EXTENSIONS AND COMMENTARY : The rapid onset and rapid drop-off of 5-MeO-DALT is remarkable. With oral administration, it is common to be aware of the effects in less than 15 minutes and to be fully there at the half-hour point. This implies absorption into the blood stream directly from the stomach and rapid metabolic destruction. To my total suprise, this compound is not in the scientific literature, at least as searched by Chem. Abstracts. Its synthesis and its pharmacology have never been published.
There are a number of modifications of the two double bonds on there on the nitrogen alkyl groups that would be interesting to explore. If they were changed from double bonds to triple bonds, one would have 5-methoxy-N,N-dipropargyltryptamine, or 5- MeO-DPRT. I have made a little bit of it but it was quite impure and difficult to clean up. The complexity of the GCMS patterns suggested that there might be some chemistry going on between the two propargyl groups.

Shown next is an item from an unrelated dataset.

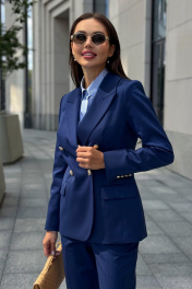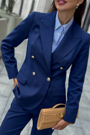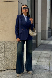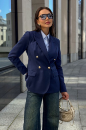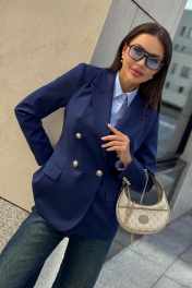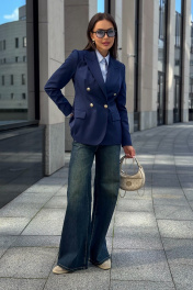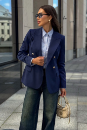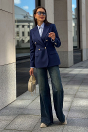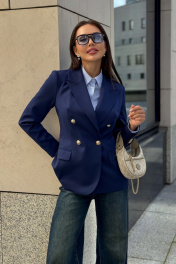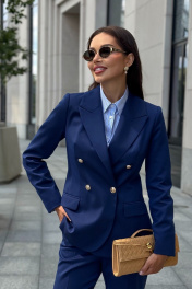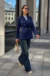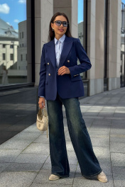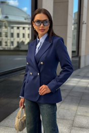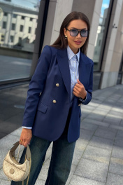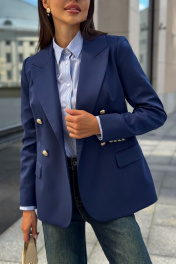 Каждая женщина знает: приталенный женский жакет способен выгодно подчеркнуть фигуру, добавить изящества и уверенности в себе. Синий цвет – это классика, которая никогда не выходит из моды. Такой жакет уместен как в офисе, так и на деловой встрече, на прогулке по городу или в вечернем образе. Жакет женский, полуприлегающего силуэта, выполнен из костюмной ткани, на притачной подкладке, с двубортной застежкой на 2 петли и 4 декоративные пуговицы (размер и цвет фурнитуры может незначительно отличаться от фото), для повседневной носки. Перед с закругленными по низу бортами, в нижней части с прорезными карманами с клапаном и обтачками, со смещенными рельефными швами от проймы до низа, с нагрудными вытачками, идущими от карманов вверх. Спинка с рельефными швами, средним швом и шлицей. Рукава втачные, двухшовные, длинные. В локтевом шве с отлетной шлицей с 4-мя петлями и 4-мя декоративными пуговицами. Горловина оформлена воротником пиджачного типа. Жакет с плечевыми накладками. "44 размер Длина жакета по среднему шву спинки – 66,0 см (±2,0 см), Ширина жакета на уровне глубины проймы – 48,0 см (±1,0 см), Ширина жакета на уровне линии талии – 42,0 см (±1,0 см), Ширина жакета на уровне линии бедра – 51,5 см (±1,0 см), Длина рукава жакета – 61,0 см (±1,0 см), Ширина рукава жакета вверху – 17,0 см (±1,0 см), Ширина рукава внизу - 12,0 см (±0,5 см), Длина плеча жакета – 11,8см (±0,5 см). 46 размер Длина жакета по среднему шву спинки – 66,0 см (±2,0 см), Ширина жакета на уровне глубины проймы – 50,0 см (±1,0 см), Ширина жакета на уровне линии талии – 44,0 см (±1,0 см), Ширина жакета на уровне линии бедра – 53,5 см (±1,0 см), Длина рукава жакета – 61,0 см (±1,0 см), Ширина рукава жакета вверху – 18,0 см (±1,0 см), Ширина рукава внизу - 12,0 см (±0,5 см), Длина плеча жакета – 11,8см (±0,5 см). 48 размер Длина жакета по среднему шву спинки – 66,0 см (±2,0 см), Ширина жакета на уровне глубины проймы – 52,0 см (±1,0 см), Ширина жакета на уровне линии талии – 46,0 см (±1,0 см), Ширина жакета на уровне линии бедра – 55,0 см (±1,0 см), Длина рукава жакета – 61,0 см (±1,0 см), Ширина рукава жакета вверху – 19,0 см (±1,0 см), Ширина рукава внизу - 12,5 см (±0,5 см), Длина плеча жакета – 12,0см (±0,5 см). 50 размер Длина жакета по среднему шву спинки – 68,0 см (±2,0 см), Ширина жакета на уровне глубины проймы – 54,0 см (±1,0 см), Ширина жакета на уровне линии талии – 49,0 см (±1,0 см), Ширина жакета на уровне линии бедра – 57,0 см (±1,0 см), Длина рукава жакета – 61,0 см (±1,0 см), Ширина рукава жакета вверху – 19,5 см (±1,0 см), Ширина рукава внизу - 13,0 см (±0,5 см), Длина плеча жакета – 12,0см (±0,5 см). 52 размер Длина жакета по среднему шву спинки – 68,0 см (±2,0 см), Ширина жакета на уровне глубины проймы – 56,0 см (±1,0 см), Ширина жакета на уровне линии талии – 51,0 см (±1,0 см), Ширина жакета на уровне линии бедра – 59,0 см (±1,0 см), Длина рукава жакета – 61,0 см (±1,0 см), Ширина рукава жакета вверху – 20,5 см (±1,0 см), Ширина рукава внизу - 13,5 см (±0,5 см), Длина плеча жакета – 12,2см (±0,5 см). 54 размер Длина жакета по среднему шву спинки – 68,0 см (±2,0 см), Ширина жакета на уровне глубины проймы – 58,0 см (±1,0 см), Ширина жакета на уровне линии талии – 53,0 см (±1,0 см), Ширина жакета на уровне линии бедра – 61,0 см (±1,0 см), Длина рукава жакета – 61,0 см (±1,0 см), Ширина рукава жакета вверху – 21,5 см (±1,0 см), Ширина рукава внизу - 14,0 см (±0,5 см), Длина плеча жакета – 12,2см (±0,5 см)."

Another direction possible for modifying the structure would be to relocate the oxygen in indole ring over to the 4- position. 4-Methoxytryptamine is commercially available, and it should be directly substitutable for the 5-methoxytryptamine used in this synthetic process giving rise to 4-MeO-DALT. Yet further out, what about starting the 4-benzyloxytryptamine and walking the same path? The product could be easily stripped of the benzyl ether by the usual catalytic hydrogenation, giving rise to the diallyl analogue of psilocin, 4-HO-DALT. I would wager a ten dollar bet that the acetate ester of this material, 4-AcO-DALT would be in the brain within minutes of swallowing the pill.
There are a lot of interesting extensions, but all of them would call for careful chemistry. And, of course, the essential care of tasting new things in very small increasing doses. Some of these could be extremely potent.